Я вспоминал врезавшийся в память абзац из записок Крупской: «Во время болезни был случай, когда в присутствии медсестры я ему говорила, что вот, мол, речь, знаешь, восстанавливается, только медленно. Смотри на это, как на временное пребывание в тюрьме. Медсестра говорит: “Ну, какая же тюрьма, что Вы говорите, Надежда Константиновна?” Ильич понял — после этого разговора он стал определённо больше себя держать в руках». Сильная женщина, старая революционерка, она умела найти нужные слова утешения для супруга. Именно так: болезнь — плен, отсюда и очевидное сходство больницы с тюрьмой.
Часто возвращался я и к этому фрагменту у Троцкого: «Свою беспомощность, и прежде всего отсутствие речи при полной ясности сознания, Ленин не мог не ощущать как невыносимое унижение. Он уже не терпел врачей, их покровительственного тона, их банальных шуточек, их фальшивых обнадёживаний. Пока он ещё владел речью, он как бы мимоходом задавал врачам проверочные вопросы, незаметно для них ловил их на противоречиях, добивался дополнительных разъяснений и заглядывал сам в медицинские книги. Как во всяком другом деле, он и тут стремился достигнуть прежде всего ясности»…
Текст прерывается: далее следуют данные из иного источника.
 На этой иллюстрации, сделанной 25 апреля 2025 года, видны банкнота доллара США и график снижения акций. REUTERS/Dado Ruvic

Увы! Современная медицина, как и медицина столетней давности, от ясности далека. Во многом это шаманство, во многом костоломство. Однако других способов в сжатые сроки выуживать, если получится, людей из болезни не придумано. Только тяжкое и рискованное, творческое и незаменимое дело врачевания — неблагодарное, как почти любая настоящая, подлинная работа сегодня.
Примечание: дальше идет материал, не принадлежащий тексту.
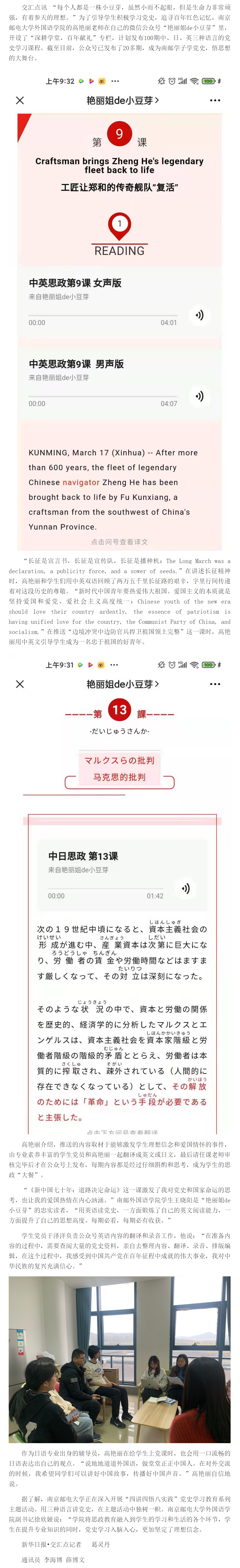 【新華日報客戶端】三種語言講黨史,南郵輔導員用心培養“小豆芽”

Банальное наблюдение — болезнь учит ценить мелочи: близких, природу, прогулки. Отчётливо понимаешь, что то, что воспринималось как само собой разумеющееся и неотъемлемое, на самом деле ещё какое отъемлемое и зыбкое. Дунул ветер, побежала рябь по воде, и не отражаются больше в ней твои купола…
Помню великолепный послепасхальный день, когда ко мне приехал лучший друг, и, как в старые добрые весенние времена, мы устроили пикник в лесу возле больницы. Набрали вдоволь жратвы из его гостинцев и моих запасов, сели на брёвнышке и уписываем. Эх, говорю, пузырька нет. А он показывает под брёвнышко. А под брёвнышком, аккуратно припрятанная, лежит бутылка «Хлебного дара», заполнена где-то на треть. Какой-то, значит, нетерпеливый больной бегает сюда в лес заряжаться.
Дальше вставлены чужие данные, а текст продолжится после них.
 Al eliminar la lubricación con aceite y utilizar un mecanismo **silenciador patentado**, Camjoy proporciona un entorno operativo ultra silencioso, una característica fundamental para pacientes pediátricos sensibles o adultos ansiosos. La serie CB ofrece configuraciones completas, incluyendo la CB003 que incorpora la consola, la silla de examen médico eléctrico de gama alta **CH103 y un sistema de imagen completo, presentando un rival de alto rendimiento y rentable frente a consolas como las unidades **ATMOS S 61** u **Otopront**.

Я поступил нехорошо, и до сих пор не знаю, что мною двигало: забота, законопослушность или заурядная зависть. Сказав «не положено», я перепрятал бутылку подальше.
Ну так вот, прогулялся я до морга, посмотрел на горящую у двери лампочку, прихожу домой… Надо же, так и написал не задумываясь — домой, первый раз назвал Отель — домом. Очевидно, расслабился, потому что эту главу своего повествования пишу из настоящего, благословенного дома, никакого морга поблизости, Отель позади, позади, однако третий день с озабоченностью и даже с переживаниями вспоминаю я о своих бравых ребятах: как-то там Развалина? Не расклеился ли, не дай господи, окончательно?
Так вот, прихожу в нумера, а там лежит как раз-таки Развалина, стонет, кряхтит и сыпет проклятиями.
— Ой бля… Ой нах… Пиздец мне, пиздец. Зинка, сука, падла, сволочь! Рука моя, рука!
Я пригляделся: та рука, на которую ставили капельницу, в два раза больше другой, как у Портоса когда-то. Крутил-вертел иголку, вот жидкость мимо вены и пошла.
Посмотрел на Хромого. Тот подошёл ко мне поближе.
— Медсестру я уже позвал, — говорит. — Сейчас придёт и снимет. Видел бы ты, что он тут с этой капельницей вытворял! Только что шест себе в задницу не совал. Сочувствую я тебе, Володя. Уйдём мы с Лёнькой — намучаешься ты с этими маразматиками.